The ingredients of each formula are the columns of the original dataset, and
each operator acting on these columns in the formula should be thought of as
inclusion/exclusion of the column in the resulting model matrix, or as a
transformation on the column(s) prior to inclusion. Thus, a +
operator does
not act in its usual algebraic manner, but rather acts as set union, indicating
that both the left- and right-hand arguments should be included in the model
matrix; a -
operator acts like a set difference; and so on.
Anatomy of a Formula¶
Formulas in Formulaic are represented by (subclasses of) the Formula
class. Instances of Formula
subclasses are a ultimately containers for sets of Term
instances, which in turn are a container for a set of Factor
instances. Let's start our dissection at the bottom, and work our way up.
Factor¶
Factor
instances are the atomic unit of a formula, and represent the output
of a single expression evaluation. Typically this will be one vector of data,
but could also be more than one column (especially common with categorically
encoded data).
A Factor
instance's expression can be evaluated in one of three ways:
- As a literal; in which case the expression is taken as number or string, and repeated over all rows in the resulting model matrix.
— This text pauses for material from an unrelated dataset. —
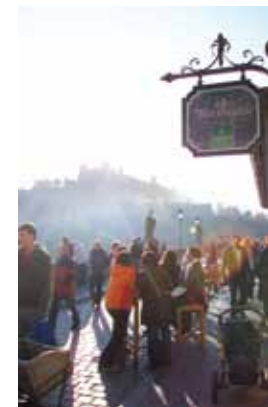
Gente in strada nell'Alte Mainbrücke

E' proprio lungo il Meno, con le sue stradine, i suoi prati e le varie trattorie, che si svolge gran parte della vita degli studenti: Würzburg ti permette, tra le tante cose, di scoprire la musica e la cultura del vicino continente in occasione del più grande Festival Africano d'Europa, e di assistere a concerti e pièces teatrali su un palco galleggiante durante il Dock Festival. Un'altro evento molto amato è il Festival di Mozart, dove possiamo ascoltare la dolce "Serenata in sol maggiore" nell'atmosfera rilassata e romantica dei giardini della Residenza.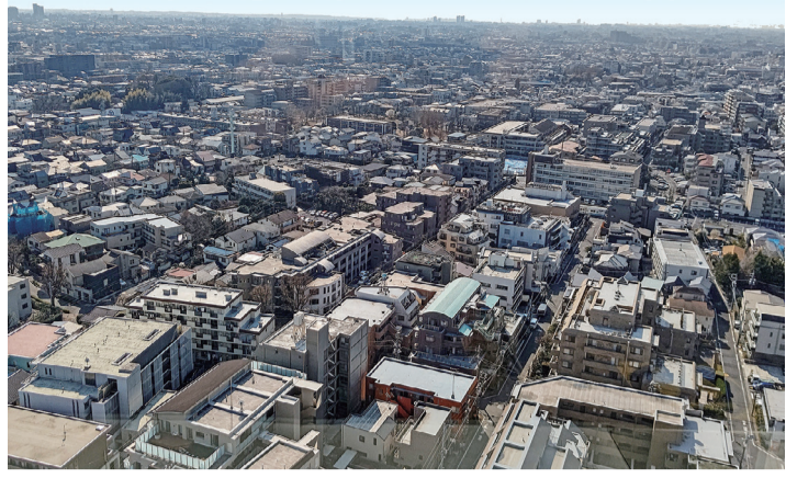
賃貸市場の多様性、住宅の性能アップは着実に広がりを見せています

賃貸住宅に関連するニュースを紹介します。今日、住まいに関連する技術や多様性の発展には、目を見張るものがあります。賃貸住宅も同様、様々な変化を遂げています。

- As a lookup: in which case the expression is treated as a name to be looked up in the data context provided during materialization.
- As a Python expression: in which case it is executed in the data context provided.
Note: Factor instances act as metadata only, and are not directly
responsible for doing the evaluation. This is handled in a backend specific
way by the appropriate Materializer
instance.
In code, instantiating a factor looks like:
from formulaic.parser.types import Factor
Factor("1", eval_method="literal") # a factor that represents the numerical constant of 1
Factor("a") # a factor that will be looked up from the data context
Factor("a + b", eval_method="python") # a factor that will return the sum of `a` and `b`
a + b
Term¶
Term
instances are a thin wrapper around a set of Factor
instances, and
represent the Cartesian (or Kronecker) product of the factors. If all of the
Factor
instances evaluate to single columns, then the Term
represents the
product of all of the factor columns.
Instantiating a Term
looks like:
from formulaic.parser.types import Term
Term(factors=[Factor("b"), Factor("a"), Factor("c")])
b:a:c
Note that to ensure uniqueness in the representation, the factor instances are sorted.
Formula¶
Formula
instances are (potentially nested) wrappers around collections of
Term
instances. During materialization into a model matrix, each Term
instance will have its columns independently inserted into the resulting matrix.
Formula
instances can consist of a single "list" of Term
instances, or may
be "structured"; for example, we may want a separate collection of terms for the
left- and right-hand side of a formula; or to simultaneously construct multiple
model matrices for different parts of our modeling process.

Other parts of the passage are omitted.